Only an exact repetition of the lines from the one holding "Original Item: Only" to the end of the data is wanted, with pictures left out.

(Records supplied Opens)

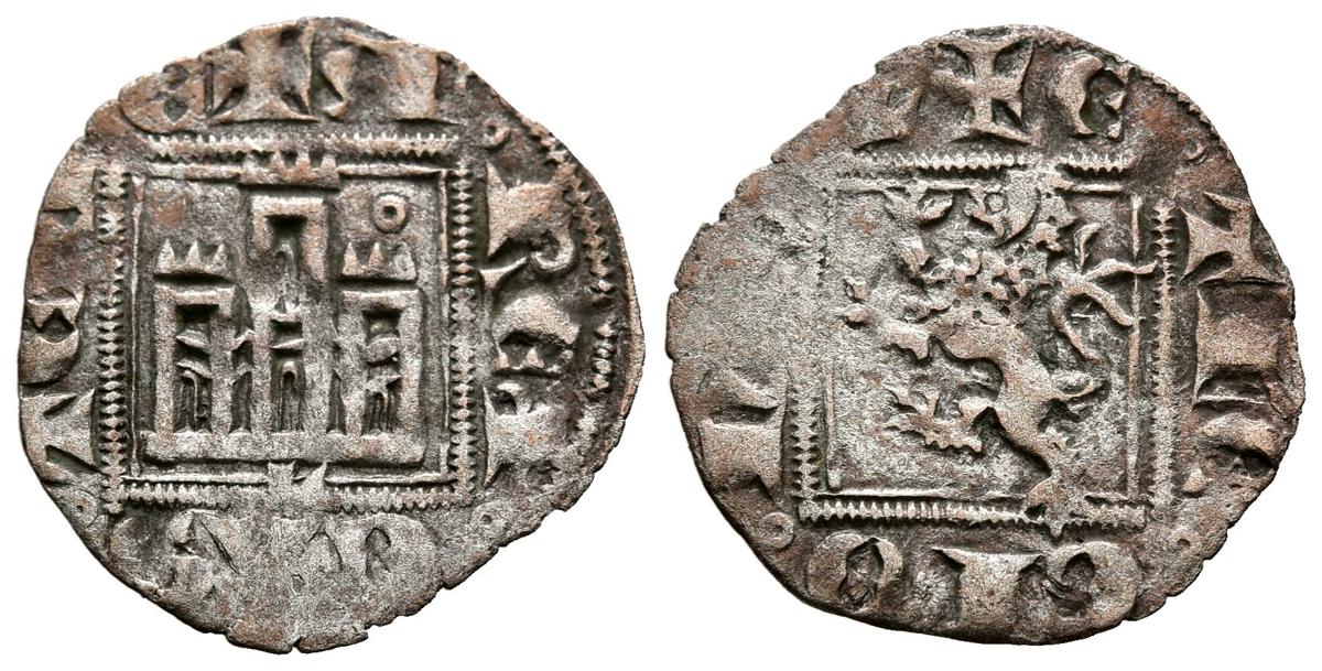 ALFONSO XI (1312-1350). Noven. (Ve. 0,66g/18mm). León. (FAB-357.2). Anv: Castillo con punto sobre torre derecha, debajo L, todo dentro de gráfila cuadrada, alrededor leyenda: ALF REX CASTELLE. Rev: León rampante a izquierda en gráfila cuadrada,alrededor leyenda: ET LEGIONIS. MBC.
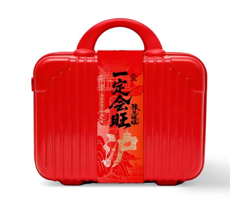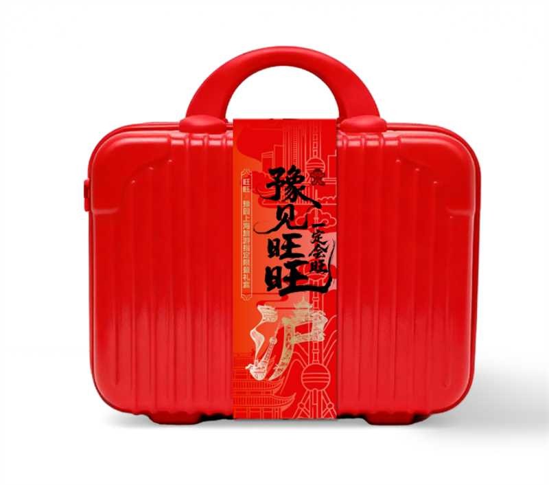 礼盒用14寸手提行李箱包装,有红色、蓝色、粉色、白色四种颜色,加上设计精美的红色腰封,不仅极具东方美学国潮颜值,而且携带方便,尤其适合来豫园游览的全球游客带回家。手提行李箱腰封的设计以上海众多知名景点例如东方明珠、上海大厦、豫园湖心亭等建筑造型手绘成红色底纹以及一个金色的大“沪”字,象征着指定限量礼盒的豫园上海旅游指定限量身份,满满的细节彰显用心,极具东方文化寓意。腰封正面放大显示了本次旺旺X豫园祈旺快闪店的上半句主题“豫见旺旺”,背面则放大显示了主题的下半句“一定会旺”,不仅体现了豫园乃至整个上海的地域特色,更有旺旺品牌满满的旺运加持!
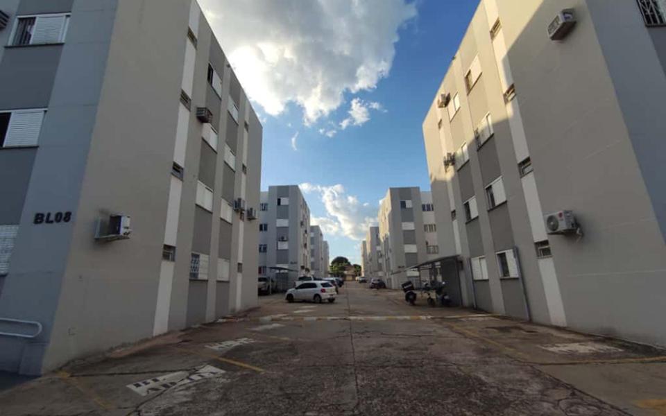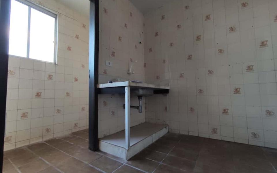 Apartamento no último andar, possui sala de estar, cozinha, área de serviço, 2 quartos, 1 banheiro social, 1 vaga de garagem.
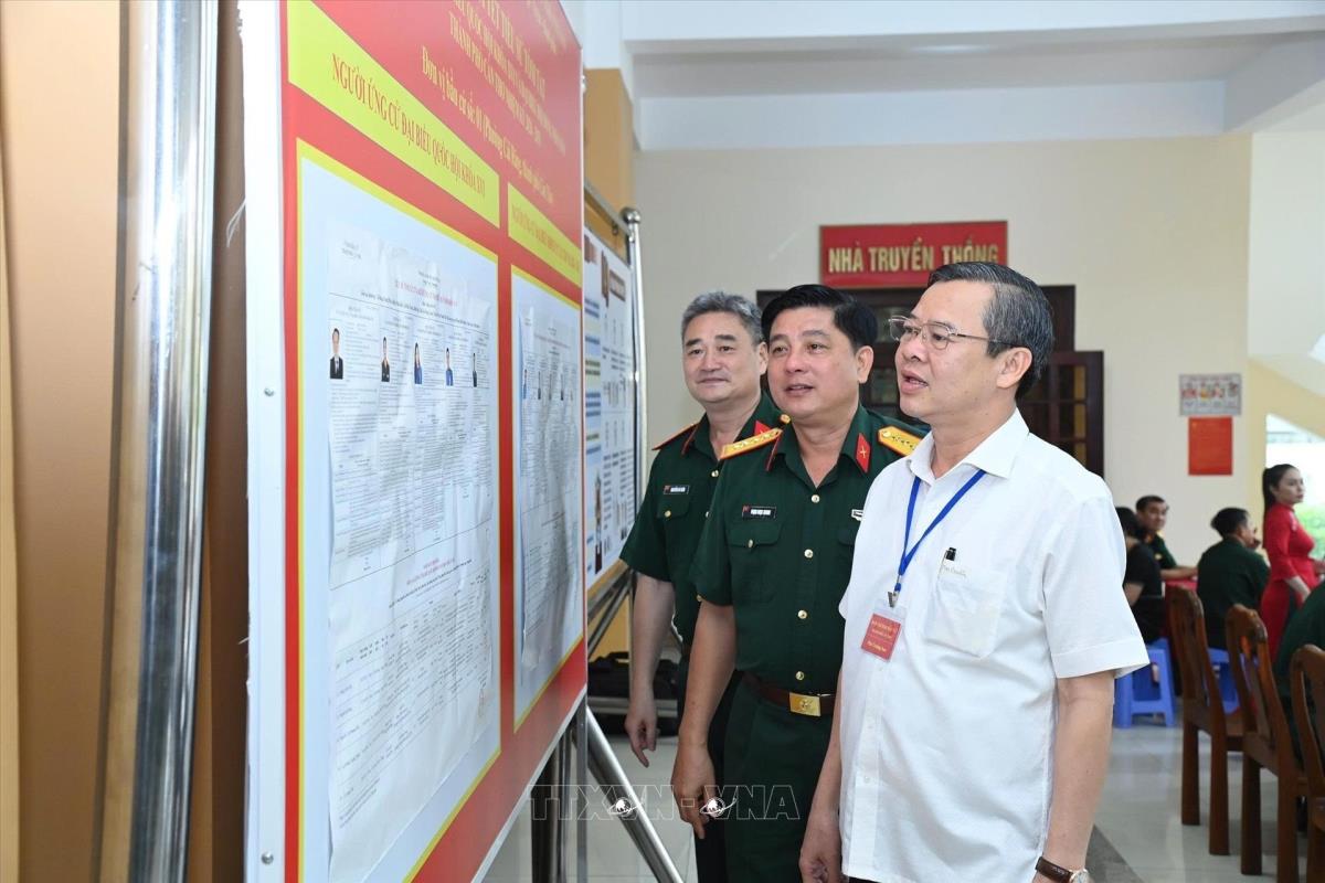Chủ tịch UBND thành phố Cần Thơ Trương Cảnh Tuyên xem danh sách các ứng cử viên được niêm yết tại Tổ bầu cử số 31 ở Bộ Chỉ huy quân sự thành phố Cần Thơ (14/3/2026). Ảnh: Thanh Liêm - TTXVN
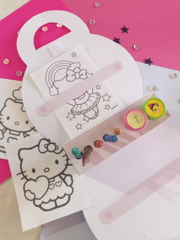 ESTILO 2 : MEDIDA 15cm x 8cm aprox ( dependiendo el diseño y la tematica) incluye 1 sellito 3 lapices de colores y 8 hojas para colorear
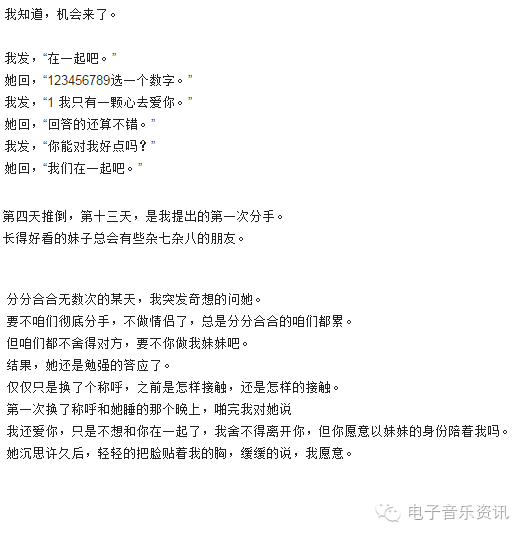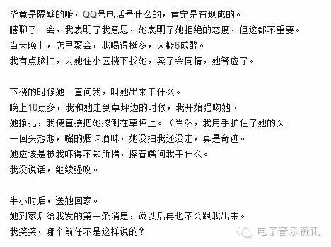 兑个人朋友圈的现,答应大家赞要是到了70就写,而一夜到了140。小编再次要写一篇无关于电子音乐的文章插播了。事情是这样的,原本小编在无聊翻社交网络的时候看到一名网友发了个渣男的知乎,专业通过一些根本跟答案无关的提问去散播自己的渣男历史,小编本着想学学怎么当渣男的思路去看了一下那些回答,发现那些事儿,以我这性格是怎么样也做不到。于是小编再次放弃了当渣男的念头,准备好继续万年单。
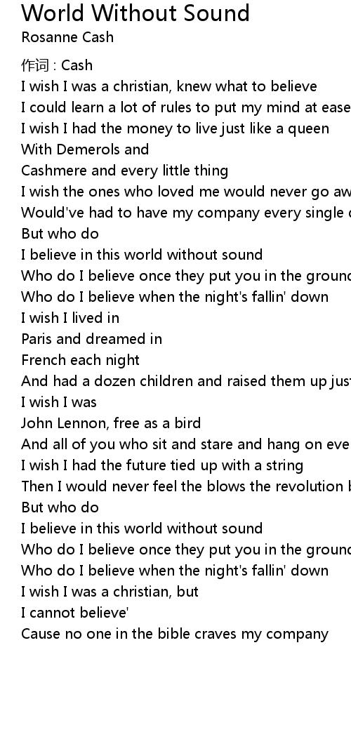 | I believe in this world without sound | |
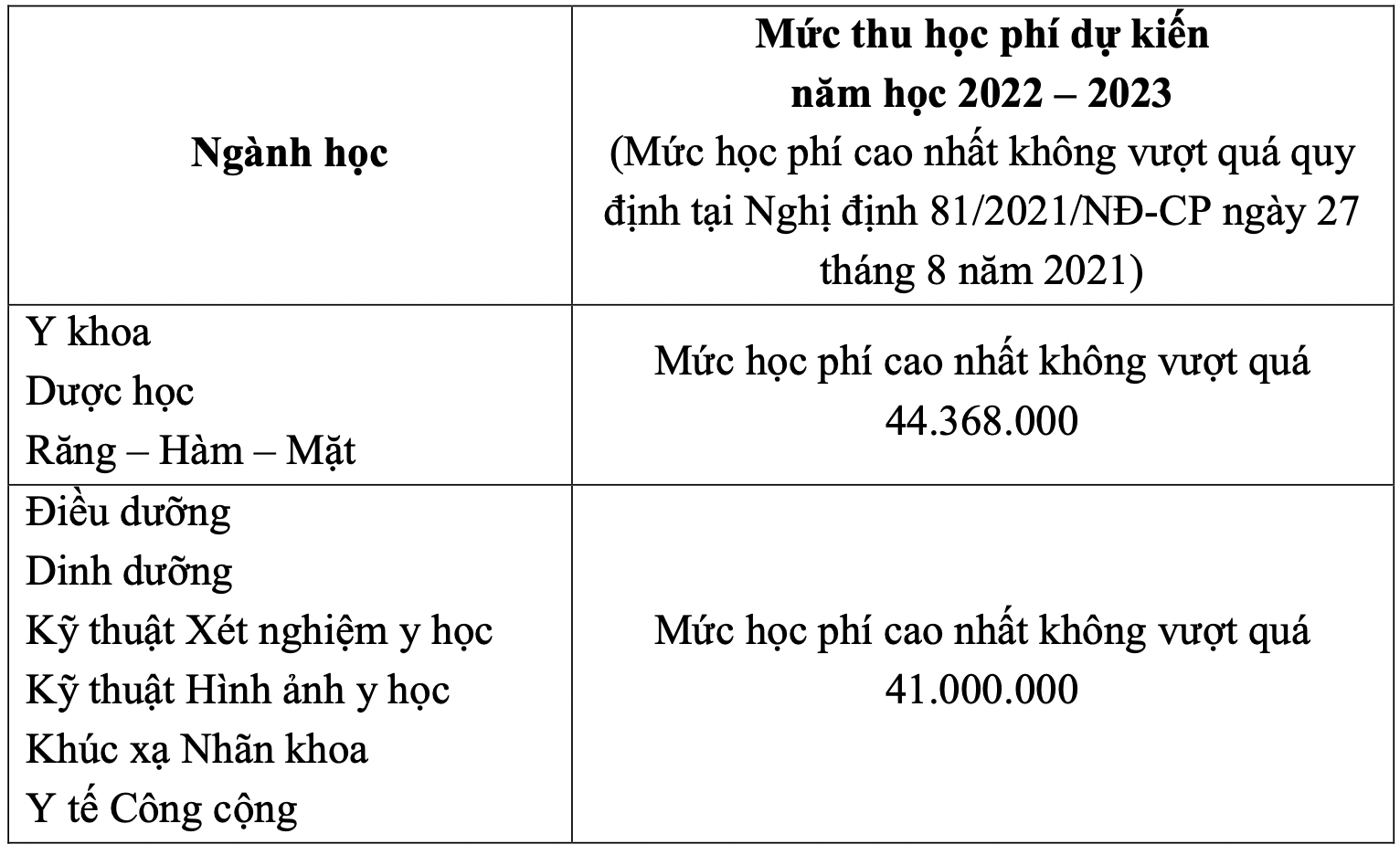 Đây là đơn giá học phí dự kiến sẽ được áp dụng trong năm học 2022–2023. Để đáp ứng sự nhu cầu cao về chất lượng nhân lực y tế khi tốt nghiệp đại học, trường tiếp tục đầu tư về cơ sở vật chất, tăng cường các chương trình hợp tác nâng cao chất lượng đào tạo, năng lực thực hành tại các cơ sở y tế, năng lực ngoại ngữ phục vụ sự phát triển nghề nghiệp cho người học. Đơn giá học phí các năm sau có thể được điều chỉnh trượt giá theo quy định.
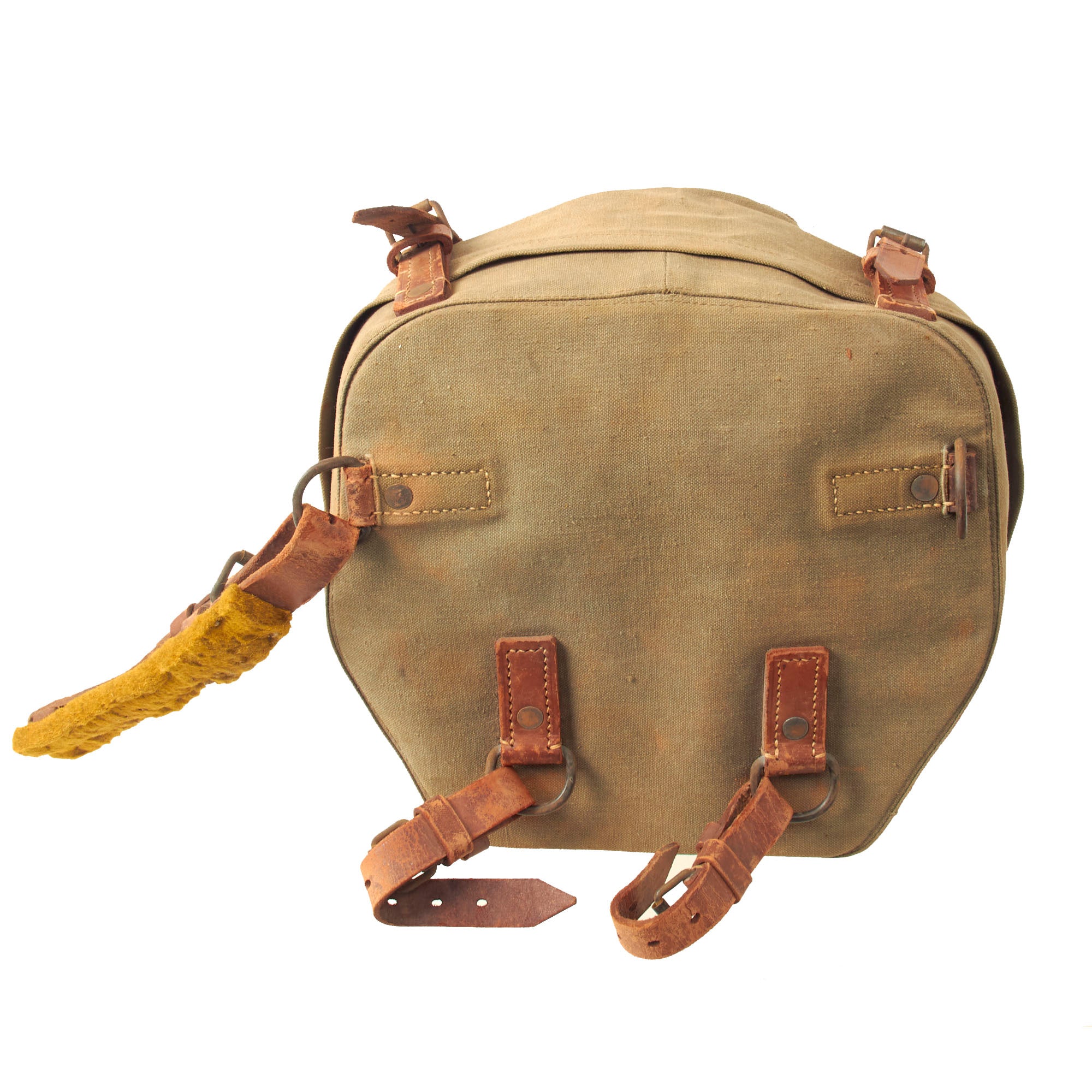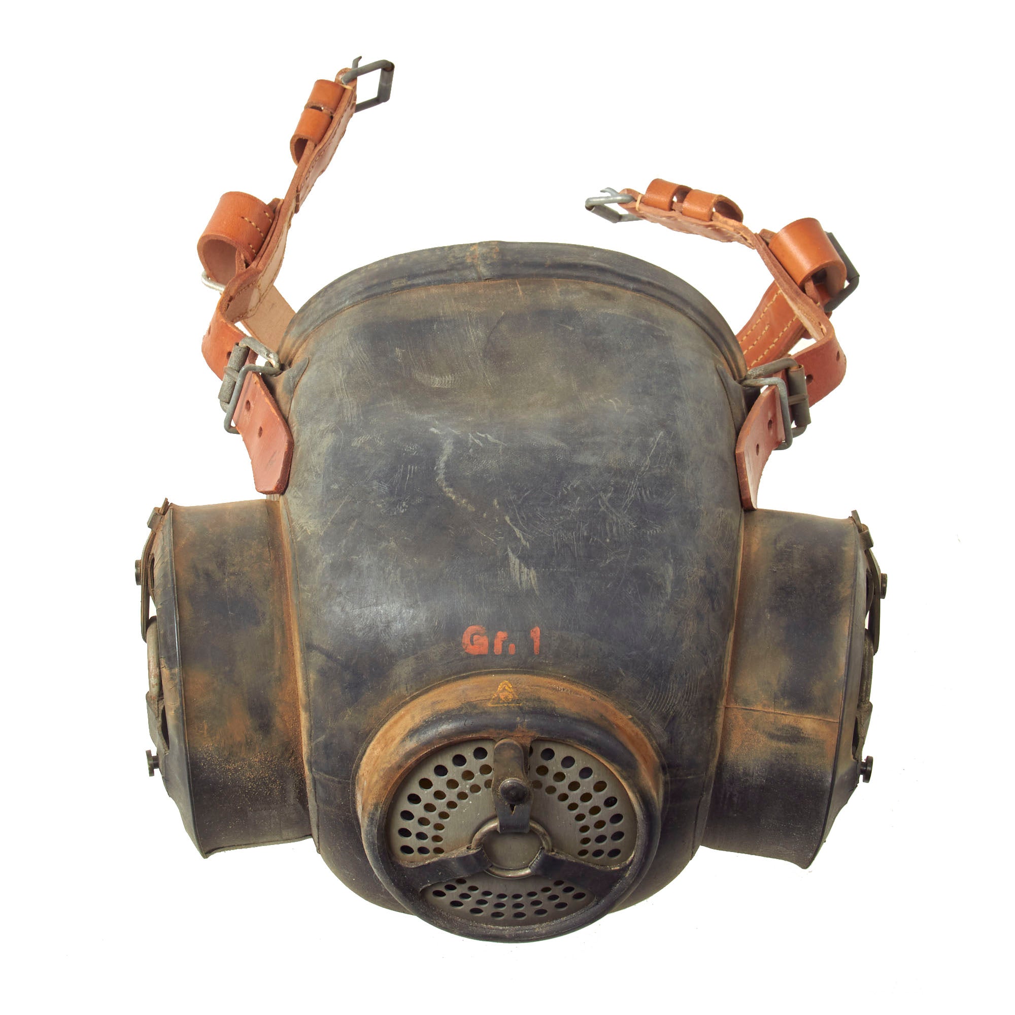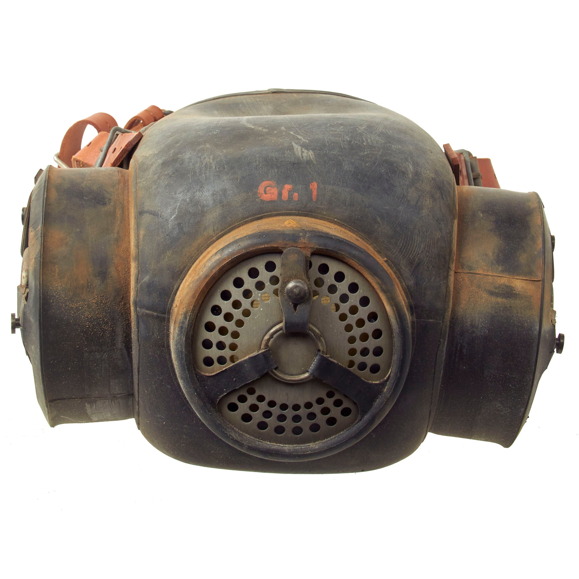 Original Item: Only One Available. This is a wonderful example of an extremely difficult to find German gas mask from WWII. This gas mask was used on the various types of horses and mules that were “employed” by the German military during WWII. Horse gas masks were first used during World War I to protect horses from harmful chemical agents. Horses were the primary mode of transporting men and material to war zones and needed protection from irritating chemicals like chlorine and phosgene, used during that time. Like most horse respirators, this mask was probably used in conjunction with a gas proof cape and leggings.
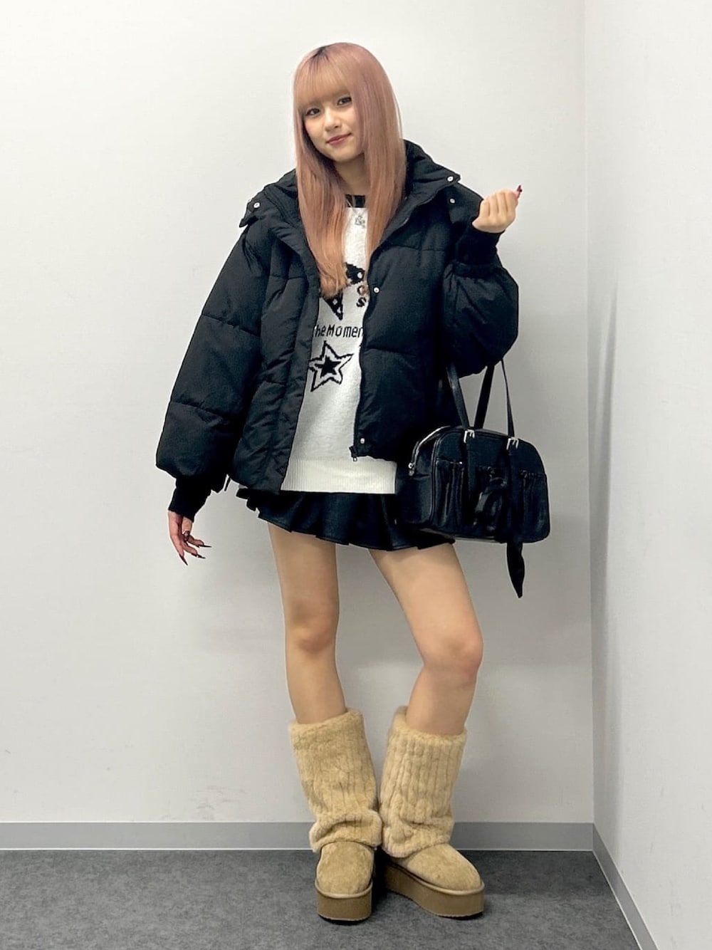 トップスはどちらもFサイズ! ニットは全体的にダボッとしていて丈感は腰下くらいで、袖丈は萌え袖が出来るようになってます!分厚め生地であったかい🧡 アウターは裏地がナイロンになってるから風を通さずあったかい🧡丈感はおしりくらいで袖丈は手首が隠れるくらいになってます👍🏻 スカートはFサイズ着用! 169cm骨格ナチュラルでも長すぎず短すぎずちょーどいい丈感です😽ウエストはゴムなので履きやすくなってます! 靴はいてるサイズ着用です!
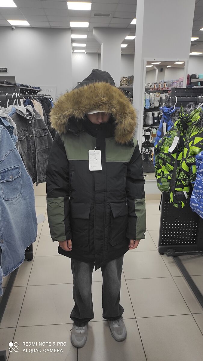 Какая-то чуть военная из-за зелёных вставок, но лишь бы цена была норм и выполняла свои функции: грела, защищала от снега, дождя, прикрывала жопу, замок не ломался.
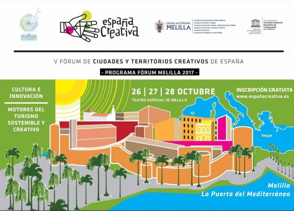Du 26 au 28 Octobre 2017 aura lieu à Melilla (Espagne) la V Edition du Forum des Villes et des Territoires Créatifs d’Espagne dédiée à la thématique Culture et innovation, moteurs du Tourisme Créatif et Durable.

(Records supplied Closes)

Task result:
 Original Item: Only One Available. This is a wonderful example of an extremely difficult to find German gas mask from WWII. This gas mask was used on the various types of horses and mules that were “employed” by the German military during WWII. Horse gas masks were first used during World War I to protect horses from harmful chemical agents. Horses were the primary mode of transporting men and material to war zones and needed protection from irritating chemicals like chlorine and phosgene, used during that time. Like most horse respirators, this mask was probably used in conjunction with a gas proof cape and leggings.
 トップスはどちらもFサイズ! ニットは全体的にダボッとしていて丈感は腰下くらいで、袖丈は萌え袖が出来るようになってます!分厚め生地であったかい🧡 アウターは裏地がナイロンになってるから風を通さずあったかい🧡丈感はおしりくらいで袖丈は手首が隠れるくらいになってます👍🏻 スカートはFサイズ着用! 169cm骨格ナチュラルでも長すぎず短すぎずちょーどいい丈感です😽ウエストはゴムなので履きやすくなってます! 靴はいてるサイズ着用です!
 Какая-то чуть военная из-за зелёных вставок, но лишь бы цена была норм и выполняла свои функции: грела, защищала от снега, дождя, прикрывала жопу, замок не ломался.
Du 26 au 28 Octobre 2017 aura lieu à Melilla (Espagne) la V Edition du Forum des Villes et des Territoires Créatifs d’Espagne dédiée à la thématique Culture et innovation, moteurs du Tourisme Créatif et Durable.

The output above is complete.